Covid Reddit Behaviour

Contributors: Luke Collins, Mel Liow, Nobby Nguyen, Maeve Shi

Summary

Here we attempt to look into the reddit mental health dataset from which we have selected 15 mental-health-specific subreddit datasets. These datasets contain collections of reddit user posts from 2018-2020. We aim to find the impact of COVID-19 on mental health support groups by looking into the data before and after the pandemic. Specifically, we aim to focus the question:

Has frequency of explicit description of substance abuse in mental-health-oriented subreddits changed over the time period of 2018 through 2020.
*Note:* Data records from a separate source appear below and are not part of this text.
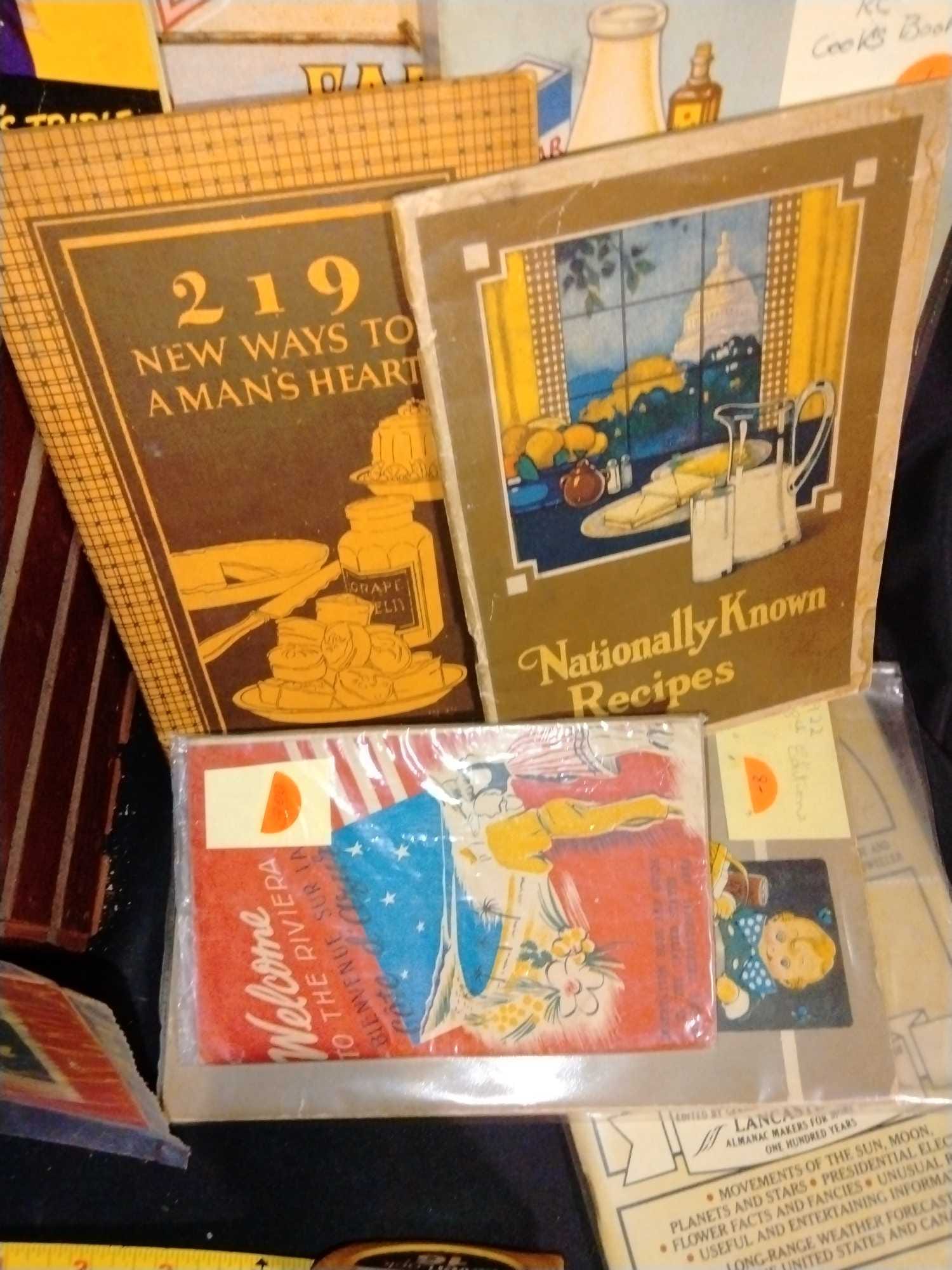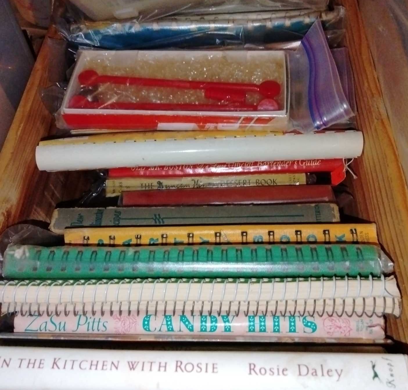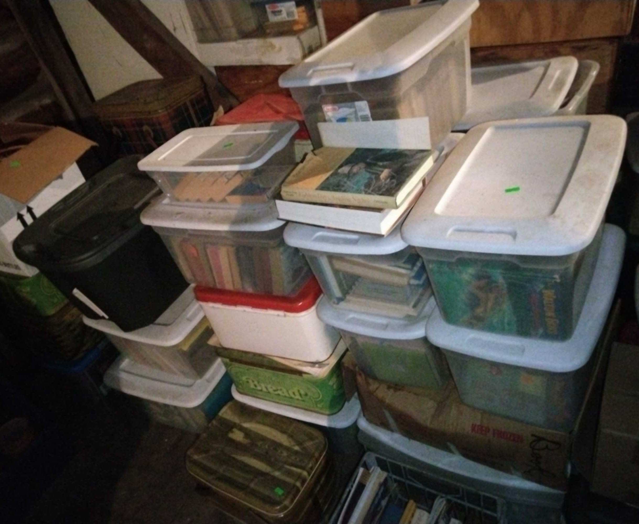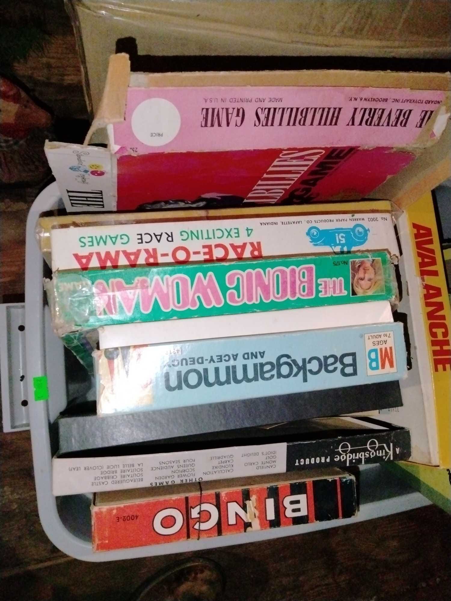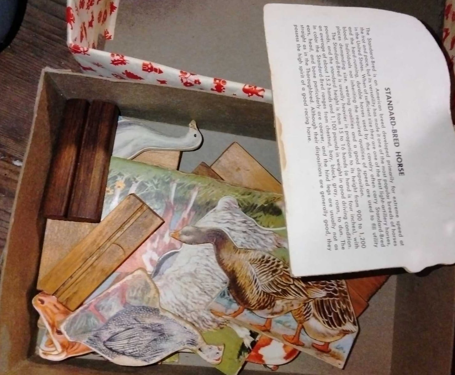 204 Wood crates, metal bread box, dominoes, books, cardboard barrel, metal lights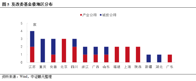從地區(qū)分布看,目前有14個省份參與發(fā)行了發(fā)改委基金債,其中,江蘇省4家,數(shù)量最多,其次是重慶、安徽、四川和北京,分布有3家。從區(qū)域內(nèi)公司屬性看,重慶、安徽的城投占比較高。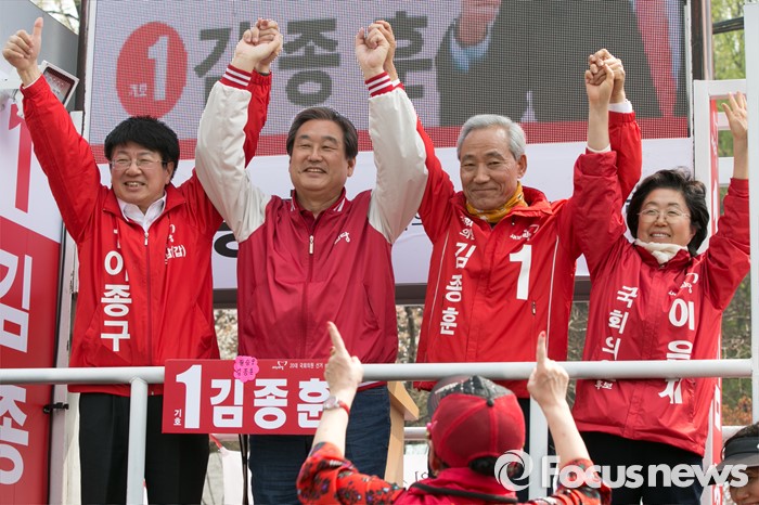 (서울=포커스뉴스) 김무성(왼쪽 두번째) 새누리당 대표가 10일 오후 서울 강남구 수서역 앞에서 이종구(왼쪽) 강남갑, 김종훈(오른쪽 두번째) 강남을, 이은재(오른쪽) 강남병 합동 지원유세를 하고 있다.

For the first week, we conducted exploratory data analysis on 30 datasets (15 mental subreddits, each with a self-described 'pre' and 'post' pandemic dataset), which can be found here. The exploratory data analysis mainly focus on these parts:

Features: We explored the features in details by the published paper and decided to only include substance_use_total, subreddit, author, date, post, and exclude all other features, because they are the only ones relevant to the question.
High Level Analysis: We checked if there's any missing values in datasets, as well as what needs to be cleaned. Then we concatenated the pre and post data set to see the difference of descriptive variables.
Visualization: We showed the plot of substance_use_total distribution before and after the covid to gain a better understanding of our question.

Dataset

The datasets we used contain reddit user posts and text-derived metrics from 15 mental health subreddits: r/EDAnonymous, r/addiction, r/alcoholism, r/adhd, r/anxiety, r/autism, r/bipolarreddit, r/bpd, r/depression, r/healthanxiety, r/lonely, r/ptsd, r/schizophrenia, r/socialanxiety, and r/suicidewatch. We select only one of the text-derived metrics available in this dataset - substance_abuse_total - as the focus of our study.

Timeframe of datasets:

'post' [pandemic]: Jan 1 to April 20, 2020 (called "mid-pandemic" in manuscript; r/COVID19_support appears). Unique users: 320,364.
'pre' [pandemic]: Dec 2018 to Dec 2019. A full year which provides more data for a baseline of Reddit posts. Unique users: 327,289.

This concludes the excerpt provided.